About this task: Scan the records beneath this line for the line holding "Kluber Summit TAN-Kit包括吸移管(1毫升),與試驗液和清潔布的玻璃安瓿。" and the line holding "Многофункциональная мебель здесь", then transcribe exactly those two and all lines between.

Records for processing:

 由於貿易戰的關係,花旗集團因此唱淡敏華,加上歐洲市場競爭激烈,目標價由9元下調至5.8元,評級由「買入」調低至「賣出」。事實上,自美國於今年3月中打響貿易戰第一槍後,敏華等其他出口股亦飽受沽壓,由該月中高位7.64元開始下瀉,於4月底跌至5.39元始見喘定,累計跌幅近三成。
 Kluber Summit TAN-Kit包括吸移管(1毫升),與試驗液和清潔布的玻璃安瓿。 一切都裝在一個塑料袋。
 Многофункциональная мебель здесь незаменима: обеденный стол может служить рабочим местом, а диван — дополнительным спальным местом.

---

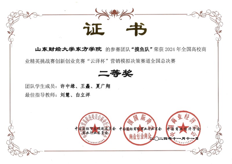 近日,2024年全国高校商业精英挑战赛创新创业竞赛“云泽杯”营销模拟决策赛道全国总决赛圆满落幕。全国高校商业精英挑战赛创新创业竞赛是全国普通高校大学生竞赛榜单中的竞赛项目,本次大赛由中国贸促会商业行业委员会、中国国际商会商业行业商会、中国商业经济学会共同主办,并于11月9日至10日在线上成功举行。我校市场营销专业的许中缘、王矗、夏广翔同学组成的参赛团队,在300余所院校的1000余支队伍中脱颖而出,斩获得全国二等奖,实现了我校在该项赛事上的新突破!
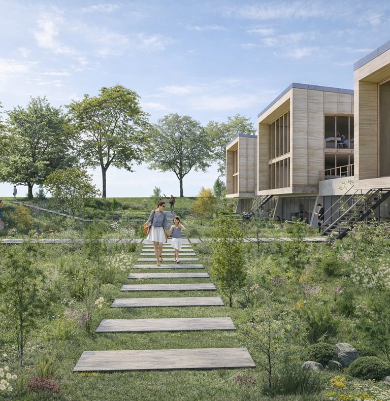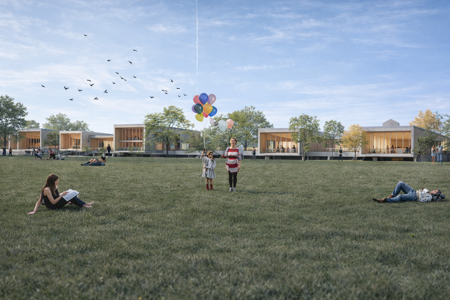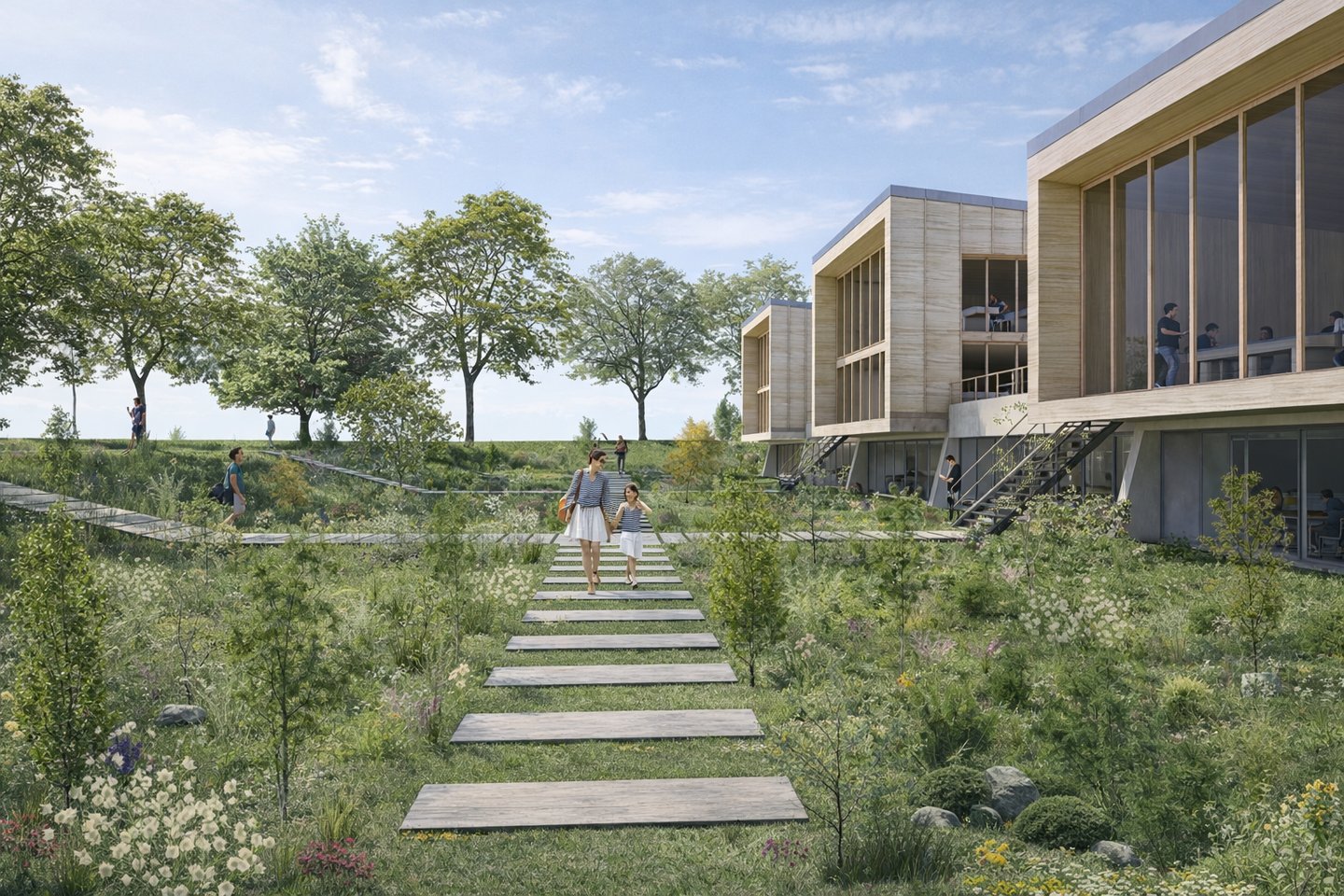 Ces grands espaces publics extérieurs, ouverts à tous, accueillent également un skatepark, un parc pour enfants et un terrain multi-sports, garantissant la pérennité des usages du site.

---

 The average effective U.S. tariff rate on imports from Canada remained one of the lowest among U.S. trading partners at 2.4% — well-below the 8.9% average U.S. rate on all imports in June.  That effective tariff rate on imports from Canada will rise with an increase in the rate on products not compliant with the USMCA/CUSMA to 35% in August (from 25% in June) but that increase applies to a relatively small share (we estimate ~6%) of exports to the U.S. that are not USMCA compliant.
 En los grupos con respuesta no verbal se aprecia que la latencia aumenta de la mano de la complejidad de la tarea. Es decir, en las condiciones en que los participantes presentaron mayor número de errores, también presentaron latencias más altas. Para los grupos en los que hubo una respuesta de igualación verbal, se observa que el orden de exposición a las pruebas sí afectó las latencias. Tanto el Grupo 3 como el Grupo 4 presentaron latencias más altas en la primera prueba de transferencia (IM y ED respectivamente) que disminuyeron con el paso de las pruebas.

Your solution:
 Kluber Summit TAN-Kit包括吸移管(1毫升),與試驗液和清潔布的玻璃安瓿。 一切都裝在一個塑料袋。
 Многофункциональная мебель здесь незаменима: обеденный стол может служить рабочим местом, а диван — дополнительным спальным местом.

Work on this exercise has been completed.